Birdwatching at Treasure Island Florida

Treasure Island, Florida is a wonderful place to see some of the most magnificent wildlife in the country. Bird watching or bird watching is a very popular attraction for many people due to the variety of species that live on these shores. In fact, the area can serve as a good spot to observe birds that may not be indigenous to the area. The migration patterns of many birds traverse this region. There are some beautiful shorebirds that can be spotted along this stretch of coastline and it is recommended that all bird watchers take time to enjoy these species.

There is also a collective effort in the community to make sure these birds last for future generations, so always make sure to be careful and never disturb the natural habitats of these creatures. Many of Florida’s species are on the brink of danger and people should always make sure to enjoy the wildlife, while making sure to preserve the natural order.

Laughing seagull – During a trip to Treasure Island, you will certainly see many seagulls. These birds are everywhere and they will do their best to acquire some of the lunch that you have brought to the beach, so be careful. If you plan to feed the seagulls, be sure to do so away from other bathers because these birds will crowd around you and can disturb other beach guests.

Willet / Wagtail – The Willet is another very common species that can be found along the shores of Treasure Island. This bird is part of the Sandpiper family and can be easily seen combing the beach in search of food. Willet’s population declined in the early 20th century due to hunting, but has increased since then. While the population is steadily increasing, Willet is still considered to be somewhat at risk.

Black skimmer – These birds are a beautiful sight and can be seen flying low over the waters and sliding the bottom of their beak into the water to catch food, which is how they got their name. The Black Skimmer has a black back with a white underside and is very distinct with its bright orange bill that has a black front edge.

Terns – There are 3 varieties of tern that can be found on Treasure Island. Tea Royal tern It is an orange-billed variety and can only be found near salt water. The king tern is found around Treasure Island in the winter months and does not breed in the area. Tea Gull-billed tern it is also found along this stretch of coastal waters. These terns have a black beak and look like seagulls, hence their name. This tern breeds in this area and can be found here in the summer months. Last but not least is the Minimal tern it is the smallest of the American tern varieties. These terns also breed in the area and can be found during the summer months.

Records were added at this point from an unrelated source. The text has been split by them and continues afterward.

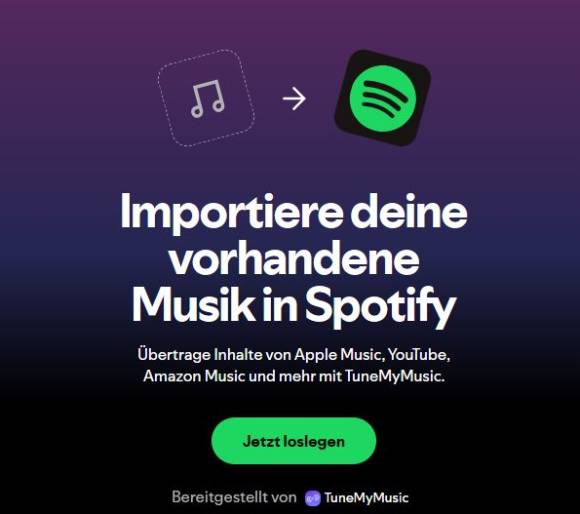 Um Wiedergabelisten aus anderen Musik-Streaming-Abos einzubinden, nutzt Spotify den darauf spezialisierten Anbieter TuneMyMusic. Ab sofort können Spotify-Kunden damit ohne grossen Aufwand Wiedergabelisten aus Amazon Music, Apple Music, Deezer, YouTube Music, Tidal, Napster, Soundcloud und vielen weiteren Diensten importieren.
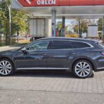 Auto prezentuje się świetnie. Ma opływowe kształty, nisko „siedzi” na ziemi, a ciemnoszary lakier świetnie współgra z chromowanymi wstawkami. Wnętrze jest niemal żywcem wyjęte z mniejszego brata, czyli jest bardzo ascetyczne w formie – deska jest prosta i czytelna, bez żadnych udziwnień i to samo stwierdzenie równie dobrze opisze pozostałe elementy wyposażenia kabiny. Jedna rzecz przemawia jednak dość mocno za Arteonem – ilość miejsca z tyłu. Tutaj spokojnie można założyć nogę na nogę, więc jeśli chodzi o przestrzeń i wygodę to Arteon jest limuzyną pełną gębą.
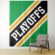 Este design esportivo apresenta o texto FINAIS atlético dentro de listras diagonais largas e destacadas em preto, branco e laranja amarelo dourado contra listras externas largas e brilhantes em verde. O texto neste design pode ser personalizado.
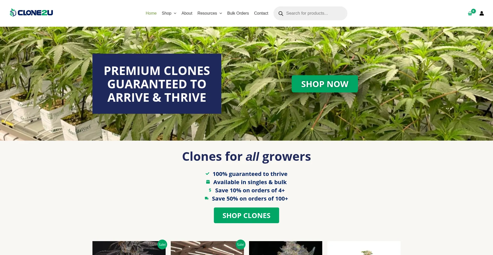 Clone2U offers premium indoor grown clones for ALL growers, whether a homegrower or commercial growers. We offer singles and bulk with 100% Guarantee to Arrive!

American oystercatcher – These birds breed in the area and can be found walking along the beach in search of food throughout the year. The bird is large for a shorebird and has a bright red beak and long legs. In the 19th century, they became locally extinct in the Northeast due to hunting and egg gathering, but were later protected by the Migratory Bird Treaty Act of 1918.

White egret – This is a beautiful white heron that can be found around freshwater, as well as in coastal regions like Treasure Island. This bird can be very easy to identify quickly due to its long black legs and yellow legs. The White Egret has a beautiful plumage during the breeding season; these birds were hunted by market hunters, reducing the population to a dangerous level. These birds were also protected by the Migratory Bird Treaty Act of 1918.

Great Blue Heron – These birds can be found throughout the country and are extremely common in Florida throughout the year. They can be found throughout the state around fresh and salt water. They are the largest American herons and are tall with long legs. The great blue heron will walk slowly in shallow water as it searches for food until it dives quickly on the head to catch fish.

Brown Pelican – Brown pelicans can be found year-round on Treasure Island and are very different birds. Many tourists enjoy taking photos of these birds while sitting floating in the water or diving in to fish. These pelicans are unique to 6 other species because they are the only dark pelicans. They are also the only pelican that darts from the air into the water to catch their food.

White ibis – These birds are found year-round on Treasure Island and are distinguished by their white body and bright red legs and beaks. These birds also have black wingtips that are generally only seen while in flight. The white ibis can be seen while feeding along the shoreline in search of small crustaceans and crayfish.

Great egret – This bird is also known as the Great White Heron or the Great White Egret. These birds are tall (up to 3.3 feet!) And all white with yellow beaks. The great egret can be found on Treasure Island throughout the year and can be found foraging in shallow waters on frogs, fish, and sometimes lizards. These birds are one of the most beautiful and majestic species that the Treasure Island area has to offer bird watchers.